Trying derive $a=v^2/R$ with complex numbers. I'm trying to derive the radial acceleration formula for uniform circular motion: $a =v^2/R$.
Here's what I've
$\mathbf r(t)= Re^{-it/2}\mathbf e_1e^{it/2}$
$\implies \ddot {\mathbf r}(t) =\frac R{16} (-\cos(t/2) +i\sin(t/2))\mathbf e_1(-\cos(t/2)-i\sin(t/2)) = \frac 1{16} \mathbf r(t)$
This isn't exactly what I want.  What am I doing wrong here?

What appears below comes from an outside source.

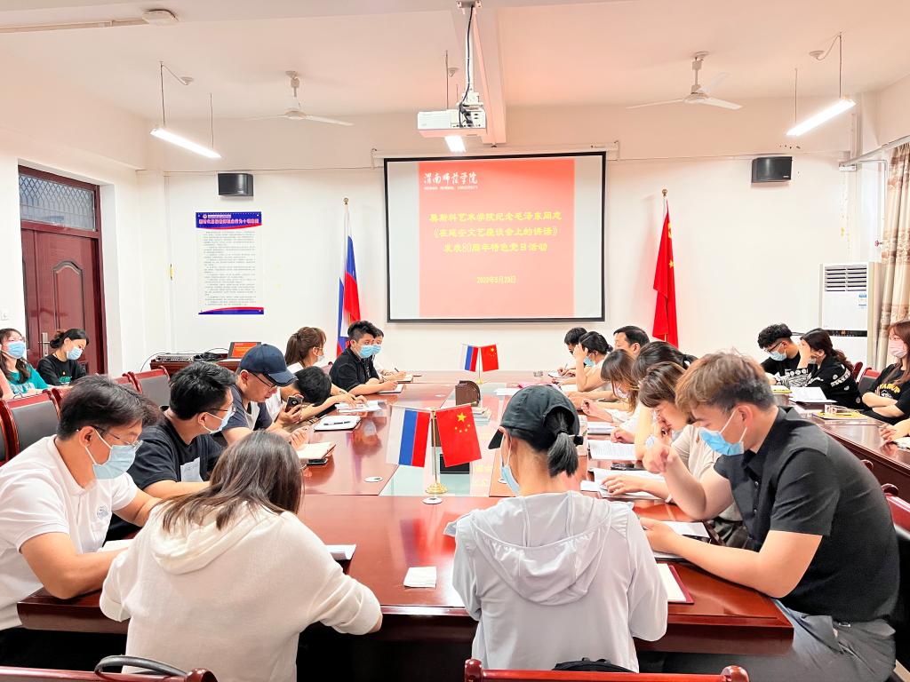 5月23日下午,莫斯科艺术学院举办纪念毛泽东同志《在延安文艺座谈会上的讲话》发表80周年主题党日活动,学院全体师生党员参会。
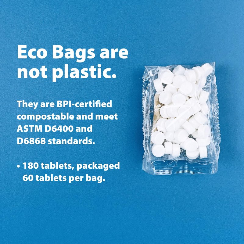 - Eco bags are not plastic. They are BPI-certified compostable and meet ASTM D6400 and D6868 standards. A cardboard tube containing 180 tablets is packaged with 60 tablets per bag.

 A: The easiest way to do this is to use $z(t) = re^{i\omega t}$ to indicate the position vector of the particle as a complex number on the plane of motion. $\omega$ is the angular velocity, and it is constant, as is $r$.
You now get $v(t) = \frac{dz}{dt} = i\omega re^{i\omega t} = i\omega z(t)$, which has magnitude given by $|v(t)| = r\omega$, as expected. The complex form tells you the angular velocity is perpendicular to the position vector, also as expected (remember that multiplying by $i$ rotates a complex number counterclockwise through $\frac{\pi}{2}$.
By differentiating again, you get $a(t) = \frac{dv}{dt} = -\omega^2 re^{i\omega t} = -\omega^2 z(t)$. The magnitude is given by $|a(t)| = r\omega^2$, again as expected. The complex form tells you the acceleration vector is antiparallel to the position vector (i.e. collinear but oppositely directed - that's centripetal acceleration).
You can use the magnitude formulas to rearrange to get the form you require.
$|v(t)| = r\omega \implies \omega = \frac{|v(t)|}{r}$
$|a(t)| = r\omega^2 = r \cdot {(\frac{|v(t)|}{r}})^2 = \frac{{(|v(t)|)}^2}{r}$